(Raw data Opens)

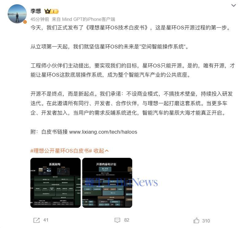 理想汽车发布「理想星环OS技术白皮书」,4月底开始逐步开放各模块源代码
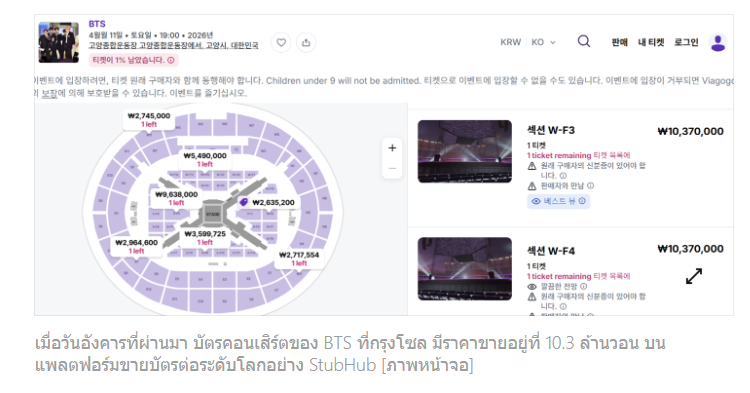 คอนเสิร์ตของ BTS ที่ชานเมืองโซลขายหมดเกลี้ยงในทันที แต่การขายตั๋วต่ออย่างผิดกฎหมายกำลังเฟื่องฟู ทำให้ราคาบางส่วนพุ่งสูงขึ้นเกือบ 40 เท่าของราคาหน้าตั๋ว
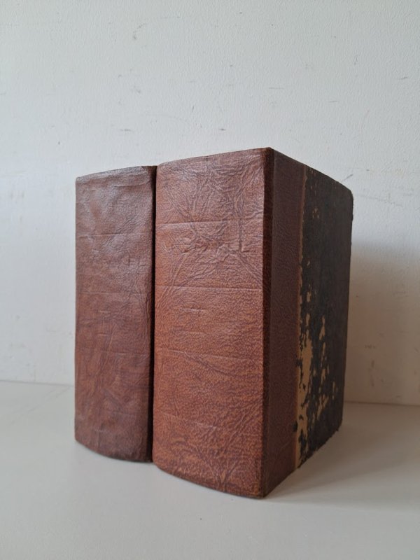 | Bijzonderheden: | Opnieuw ingebonden, platten iets kaal, boekblokken afgesneden zonder tekstverlies, in goede staat. |

(Raw data Closes)

→ Your objective: Transcribe the listing verbatim, pictures excluded.

→ Written response:
 理想汽车发布「理想星环OS技术白皮书」,4月底开始逐步开放各模块源代码
 คอนเสิร์ตของ BTS ที่ชานเมืองโซลขายหมดเกลี้ยงในทันที แต่การขายตั๋วต่ออย่างผิดกฎหมายกำลังเฟื่องฟู ทำให้ราคาบางส่วนพุ่งสูงขึ้นเกือบ 40 เท่าของราคาหน้าตั๋ว
 | Bijzonderheden: | Opnieuw ingebonden, platten iets kaal, boekblokken afgesneden zonder tekstverlies, in goede staat. |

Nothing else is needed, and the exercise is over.